◆ **Instructions for the task**: Reproduce word for word the lines from the beginning of the entries to the line with "近日,开云官方在线入口特色杂粮科技创新团队在国际期刊《JOURNAL OF ENVIRONMENTAL", both included, but none of the pictures.

########################################

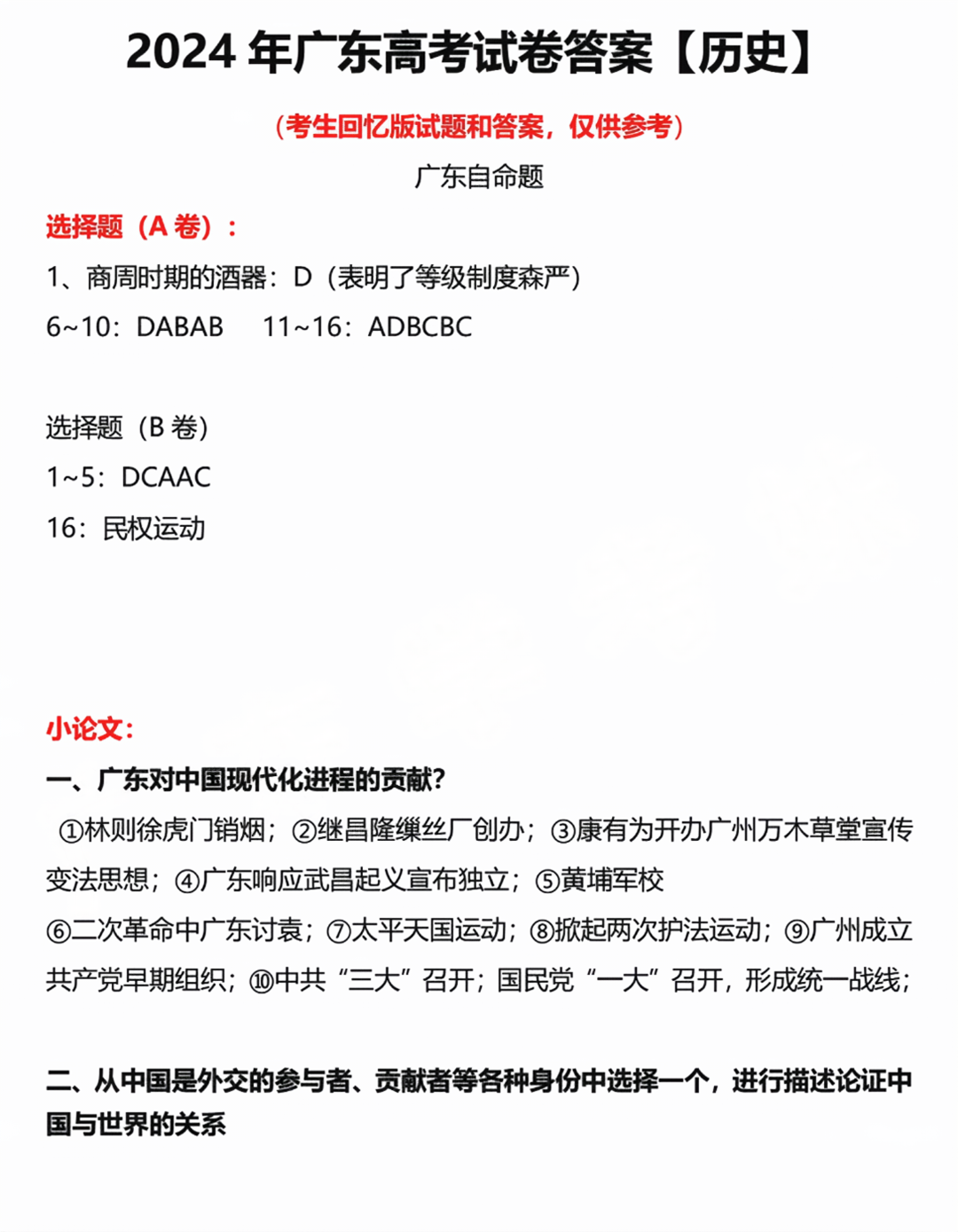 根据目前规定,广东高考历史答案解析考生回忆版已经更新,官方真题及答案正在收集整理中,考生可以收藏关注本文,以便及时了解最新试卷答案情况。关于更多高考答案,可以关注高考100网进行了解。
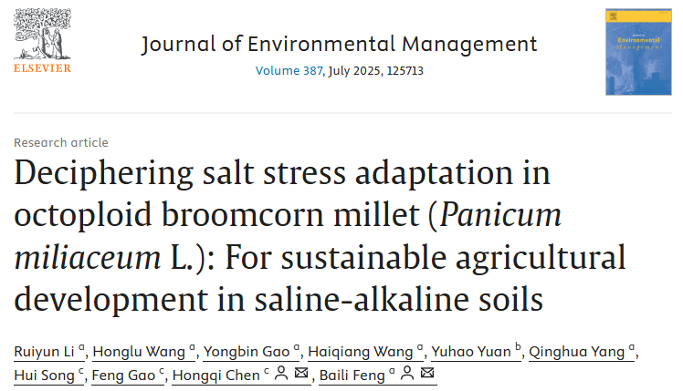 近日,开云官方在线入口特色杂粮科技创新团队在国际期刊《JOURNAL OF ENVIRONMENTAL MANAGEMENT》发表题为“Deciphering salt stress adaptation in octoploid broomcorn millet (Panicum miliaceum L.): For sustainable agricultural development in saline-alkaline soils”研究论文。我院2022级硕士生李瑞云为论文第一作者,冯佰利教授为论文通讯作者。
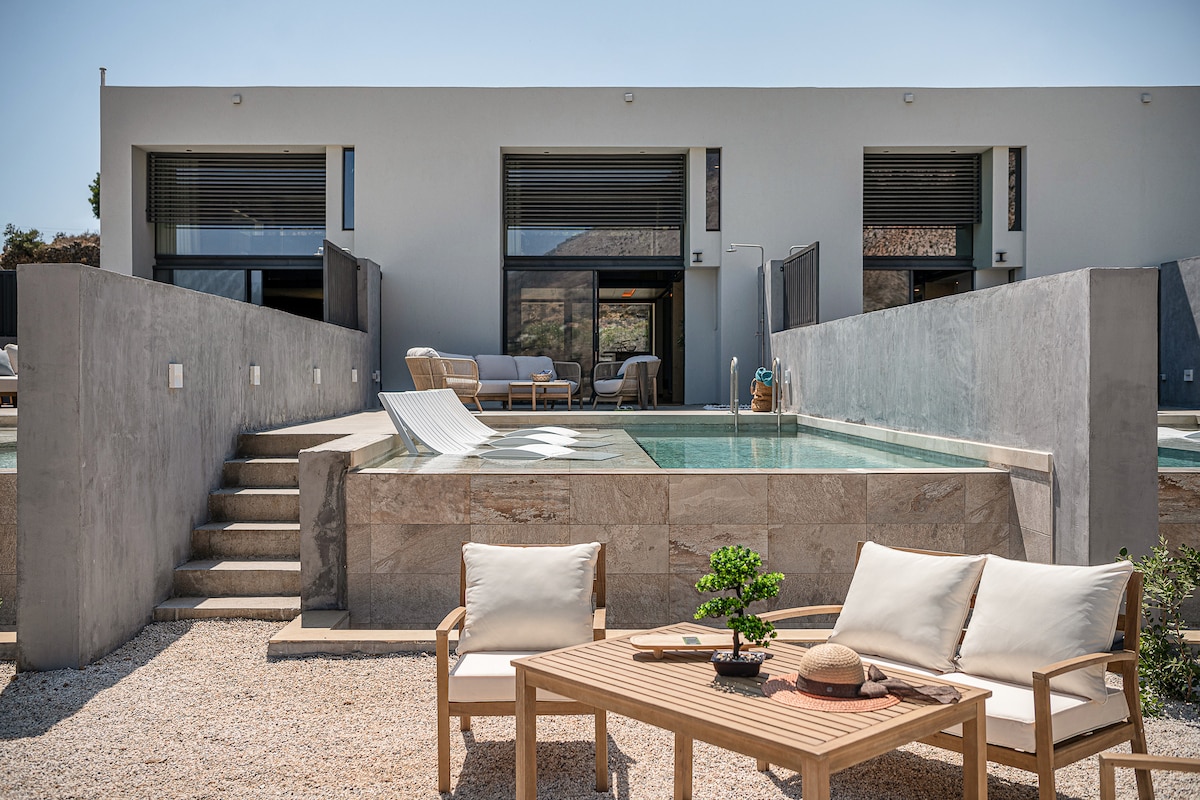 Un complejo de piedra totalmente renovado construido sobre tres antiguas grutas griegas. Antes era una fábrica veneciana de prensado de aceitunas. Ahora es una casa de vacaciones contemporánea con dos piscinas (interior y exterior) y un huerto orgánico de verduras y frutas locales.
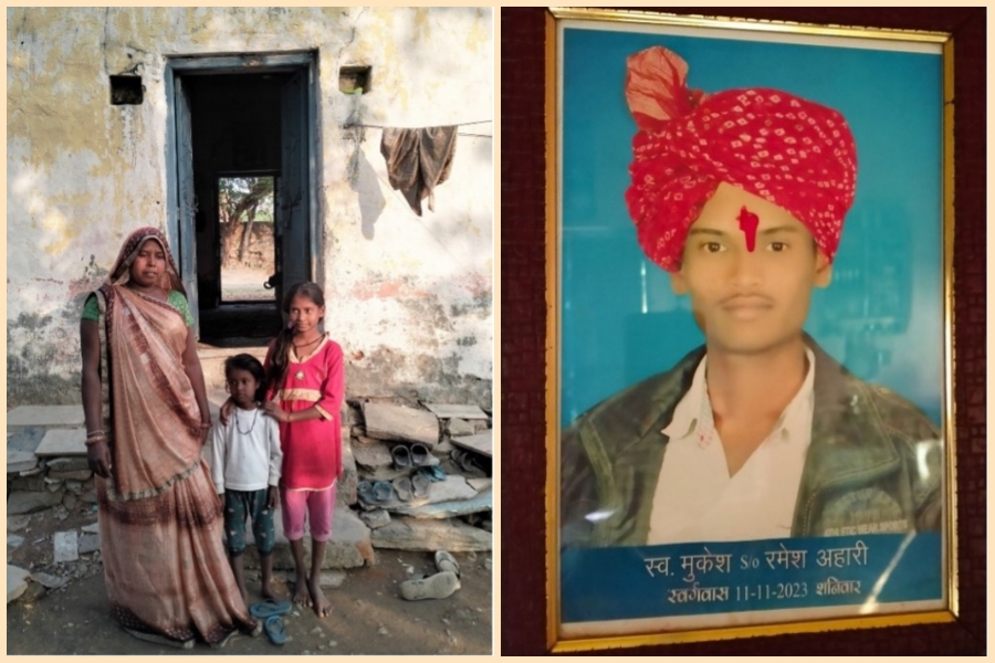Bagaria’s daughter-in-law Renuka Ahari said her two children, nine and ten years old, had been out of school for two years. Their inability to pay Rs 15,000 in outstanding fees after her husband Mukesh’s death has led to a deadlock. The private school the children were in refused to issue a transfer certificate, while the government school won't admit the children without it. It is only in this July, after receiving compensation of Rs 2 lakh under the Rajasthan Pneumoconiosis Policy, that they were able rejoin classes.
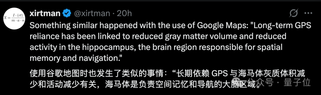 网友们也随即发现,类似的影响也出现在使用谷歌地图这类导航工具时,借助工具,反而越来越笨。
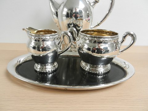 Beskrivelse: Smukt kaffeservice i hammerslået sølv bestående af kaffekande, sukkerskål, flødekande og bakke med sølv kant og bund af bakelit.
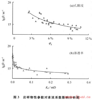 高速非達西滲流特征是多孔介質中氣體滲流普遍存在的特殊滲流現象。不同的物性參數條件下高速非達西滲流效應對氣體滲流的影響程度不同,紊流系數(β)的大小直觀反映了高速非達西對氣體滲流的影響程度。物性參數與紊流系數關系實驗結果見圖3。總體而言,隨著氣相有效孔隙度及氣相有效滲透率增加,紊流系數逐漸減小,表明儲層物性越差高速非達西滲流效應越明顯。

########################################

◆ **Written solution**:
 根据目前规定,广东高考历史答案解析考生回忆版已经更新,官方真题及答案正在收集整理中,考生可以收藏关注本文,以便及时了解最新试卷答案情况。关于更多高考答案,可以关注高考100网进行了解。
 近日,开云官方在线入口特色杂粮科技创新团队在国际期刊《JOURNAL OF ENVIRONMENTAL MANAGEMENT》发表题为“Deciphering salt stress adaptation in octoploid broomcorn millet (Panicum miliaceum L.): For sustainable agricultural development in saline-alkaline soils”研究论文。我院2022级硕士生李瑞云为论文第一作者,冯佰利教授为论文通讯作者。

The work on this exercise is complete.